IF sex is gay (sex=’G’), then age is definitely unknown (age=’X’).

Except this situation, there is no relationship between sex and age.

I tried again by combining age=’4’ into the group of age=’3’ (i.e. age’s levels are 1, 2, 3 and X), and ran the model again. This time, the level age=’3’ has the same problem with DF=0, Estimate=0.

PROC LOGISTIC DATA=work.data DESC;

       CLASS sex age;

       MODEL group=sex age /AGGREGATE SCALE=NONE; /*To model group=0 or 1*/

RUN;

             Analysis of Maximum Likelihood Estimates

                                            Standard          Wald

Parameter        DF    Estimate       Error    Chi-Square    Pr > ChiSq

Intercept       1     -8.5254      0.0925     8502.1673        <.0001

sex     F       1      0.0686      0.0760        0.8144        0.3668

sex     G       1      0.1554      0.1115        1.9435        0.1633

sex     M       0           0           .         .             .

age     1       1      0.2709      0.1690        2.5692        0.1090

age     2       1      0.0275      0.1461        0.0354        0.8507

age     3       1     -0.2961      0.1285        5.3097        0.0212

age     4       0           0           .         .             .

age     X       0           0           .         .             .

PROC Star
Posts: 7,416

Please look at a simple data and a tricky question

While I'm not versed in logistic regression, I would presume that it follows the same logic as linear regression.

I found it interesting that you had 3 levels of sex .. what is in the 3rd level?  Is it male, female and missing?

Regardless, if logistic regression follows the same rules as linear regression then I would expect that you can only have degrees of freedom for n-1 levels.  Thus, if you do really have three levels of sex, you can only obtain parameters for 2 of them.

Similarly, if you only have 4 levels of age, you can only obtain parameters for 3 of them, as that would already account for all of the variance.

Frequent Contributor
Posts: 131

Please look at a simple data and a tricky question

Hi art297, thanks for your reply.

Age has 5 levels: 1, 2, 3, 4, and X. So I expect there are 4 estimates (the 5th is 0). But now there is only 3.

Super User
Posts: 18,528

Please look at a simple data and a tricky question

Art is correct, I don't know why you even have estimates with DF 0 in your output, with similar options as the code you provided SAS does not give me results like that...

Also, Sex=Gay? makes me question your entire model, but for now I'll assume what you're doing makes sense. I'd assume sexuality would be a separate variable, gay vs straight.

You may also want to specify your reference levels because having a reference level of Age='X' or unknown also makes no sense to me.

Frequent Contributor
Posts: 131

Please look at a simple data and a tricky question

Hi Reeza,

It is correct to have DF=0 for a category of a variable in logistic regression. This indicates that this category is the base level (reference group), and other levels are contrasting with this level.

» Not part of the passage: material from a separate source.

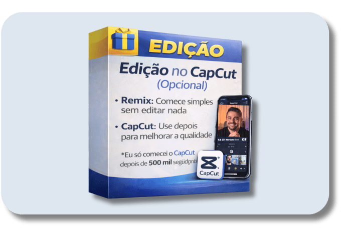 No começo, você não precisa editar nada. Você vai começar usando Remix, que é abrir, reagir e postar.Eu só comecei a usar o CapCut depois de passar dos 500 mil seguidores,

I understand there is definitely a problem here. Need a statistican.

Super User
Posts: 18,528

Please look at a simple data and a tricky question

I understand what the DF=0 means, but the output you're displaying isn't default output given the code provided ..we could be using diff SAS versions I suppose. V9.2.3 here.

If you have access to a statistician at your site who can view the data then I'd definitely recommend doing that.

I'd be interested in hearing what the issue is in case I ever run into though, as a statistician Smiley Happy

Frequent Contributor
Posts: 131

Re: Please look at a simple data and a tricky question

I just did an experiment. It showed that one level of a variable cannot be estimated if this level has a perfect correlation with a level of another variables. Let's see the data below:

data work.data;

          infile datalines;

          input y x1 x2 @@;

          datalines;

          0 1 2 0 1 2 0 1 1 0 2 1 0 2 1 0 2 1 0 2 1 0 2 1 0 2 1 0 2 1

          0 2 2 0 2 1 0 2 2 0 2 2 0 2 1 0 2 1 0 2 1 0 2 1 0 2 1 0 2 2

          0 2 2 0 2 2 0 2 2 0 3 3 0 3 3 0 3 2 0 3 2 0 3 1 0 3 1 0 3 1

          1 1 1 1 1 1 1 3 1 1 1 2 1 1 1 1 1 1 1 1 1 1 1 1 1 1 1 1 1 1

          1 1 1 1 1 1 1 1 1 1 1 1 1 1 1 1 1 1 1 2 1 1 2 1 1 2 1 1 2 1

          1 3 3 1 3 2 1 3 3 1 3 2 1 3 2 1 3 3 0 4 4 0 4 4 1 4 4 1 4 4

          0 3 2 0 1 2 0 1 1 0 2 1 0 2 1 0 2 1 0 2 1 0 2 1 0 2 1 0 2 1

          0 2 2 0 2 1 0 2 2 0 2 2 0 2 1 0 2 1 0 2 1 0 2 1 0 2 1 0 2 2

          0 2 2 0 2 2 0 2 2 0 3 3 0 3 3 0 3 2 0 3 2 0 3 1 0 3 1 0 3 1

          1 3 1 1 3 1 0 1 1 1 1 1 1 1 1 1 1 1 1 1 1 1 1 1 1 1 1 1 1 1

          1 1 1 1 1 1 1 1 1 1 1 1 1 1 1 1 1 1 1 2 1 1 2 1 1 2 1 1 2 1

          1 3 3 1 3 2 1 3 3 1 3 2 1 3 1 1 3 3 0 4 4 0 4 4 1 4 4 1 4 4

run;

You can see whenever x1=4, then x2 also eqals to 4.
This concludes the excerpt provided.